A 2023 MSL follow-up report found that while 73 percent of white influencers had landed their first paid deal within a year of starting, only 46 percent of BIPOC creators had reached the same milestone in the same timeframe.

By The Numbers
73%
White influencers who land their first paid deal within one year
MSL Influencer Equity Report, 2023
46%
BIPOC creators who land their first paid deal within one year
MSL Influencer Equity Report, 2023
92%
of influencers surveyed who said pay transparency is the single most critical factor in closing the racial pay gap
MSL / Influencer League

What Accountability Looks Like

The @InfluencerPayGap Instagram account, created in April 2020 by Adesuwa Ajayi — a Black woman who worked at the talent agency AGM — became one of the earliest crowd-sourced efforts to surface the disparity in real time.
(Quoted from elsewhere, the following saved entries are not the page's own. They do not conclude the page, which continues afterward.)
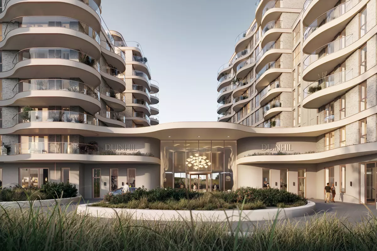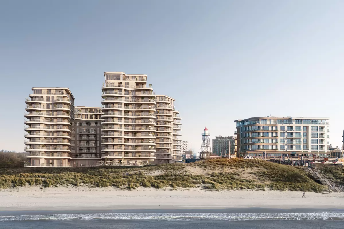 Situé directement sur la plage, face aux dunes, BESIX RED, Chase RED et les architectes Van Egmond, Duinhil proposent un développement à usage mixte de 49 429 m² comprenant 145 appartements haut de gamme, un hôtel bien-être de 152 chambres, un restaurant et un fitness avec spa. Le design écologique de Duinhil s'inspire des lignes ondulantes de la nature environnante, où la mer et la dune, qui s'étend jusqu'à la façade, jouent un rôle prépondérant. Dans les appartements, le lien avec la nature est omniprésent grâce à l'utilisation de grandes façades vitrées, de grands balcons et de terrasses spacieuses. L'utilisation de matériaux faciles à entretenir, la variation des textures et des matériaux, l'enrichissement par des détails traditionnels et l'utilisation d'une palette de couleurs naturelles permettent à Duinhil de s'intégrer organiquement dans l'environnement.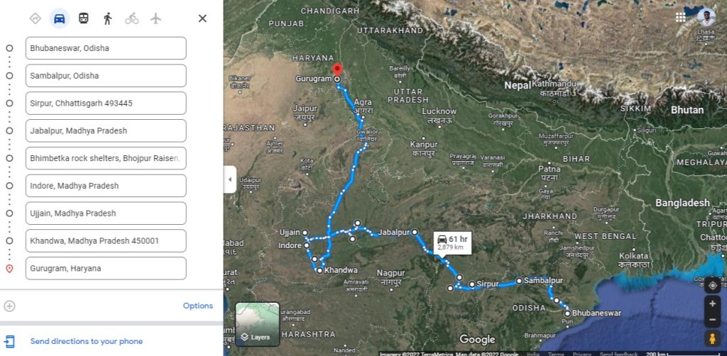 In late October, around Diwali, I drove my parents through a 3250+ km trip from Bhubaneswar to Gurgaon via Chhattisgarh and Madhya Pradesh.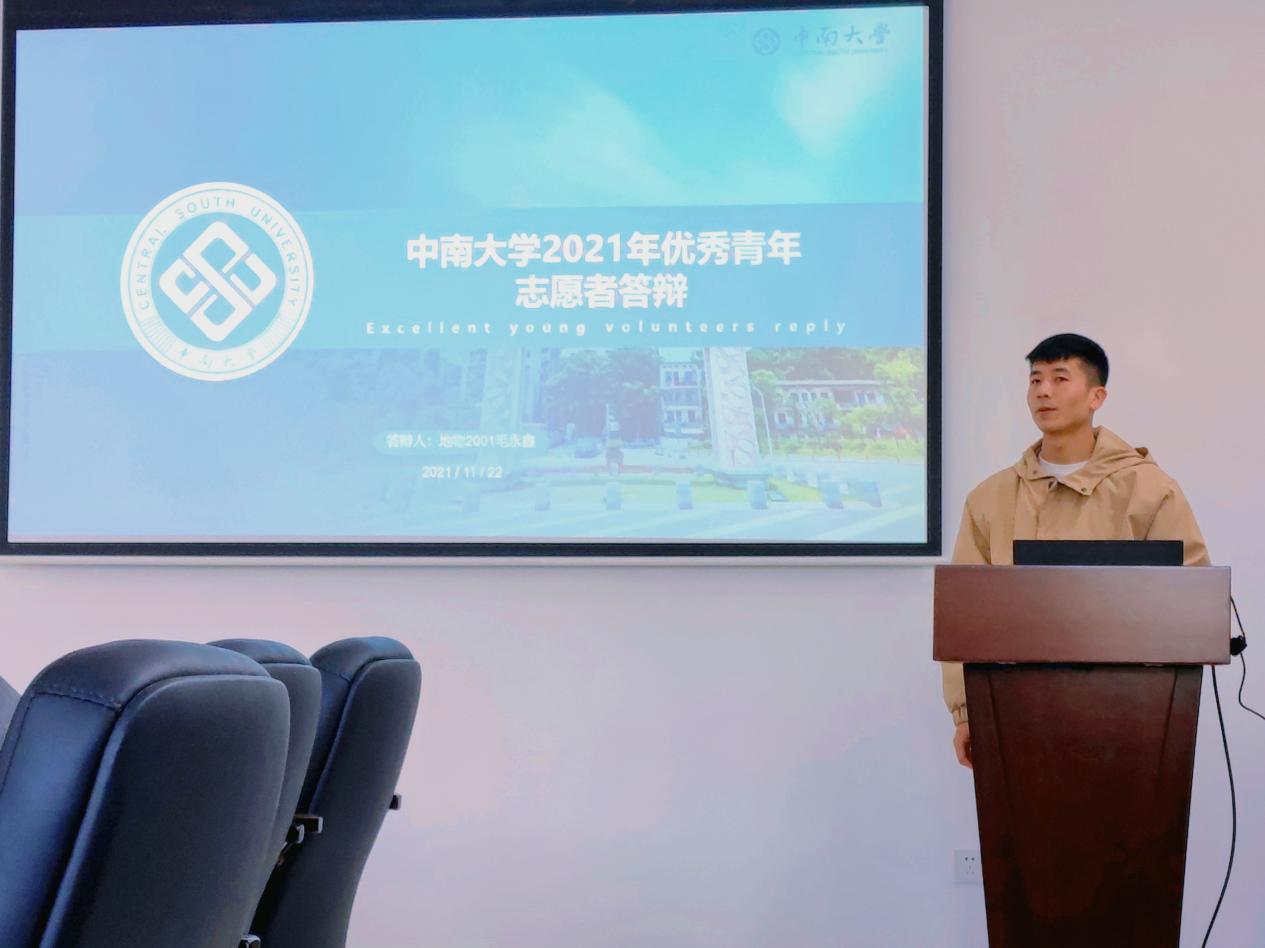 第二位答辩人是来自地物2001班的毛永鑫,现担任地物2001班班长、地信院新媒体运营部副部长及院学工办助理。身兼数职,志愿事业从未落下,除了参加格桑花西部助学、欧飞

Ajayi asked creators to submit their highest-paid brand deal via DM, along with their race, follower count, engagement rate, and fee. She anonymized and reposted the submissions. The account grew rapidly, creating a public record of what the industry had kept private.

On the brand side, MSL committed in 2021 to developing an Influencer Pay Index to track compensation across its platform and publish that data regularly. "It will allow us to have very transparent conversations with both clients and influencers," Littman said. Whether that index has been fully implemented and made publicly accessible remains an open question.

What is not an open question is the scale of the market in which these disparities are occurring. The influencer marketing industry that produced a $15,000 offer for a creator with millions of followers is the same one projected to reach $40.5 billion in 2026, according to Mordor Intelligence. The money is there. The question is where it goes — and for whom the industry chooses to close the gap.

"This industry has spent too long treating creators like metrics instead of business owners, like content factories instead of strategic partners."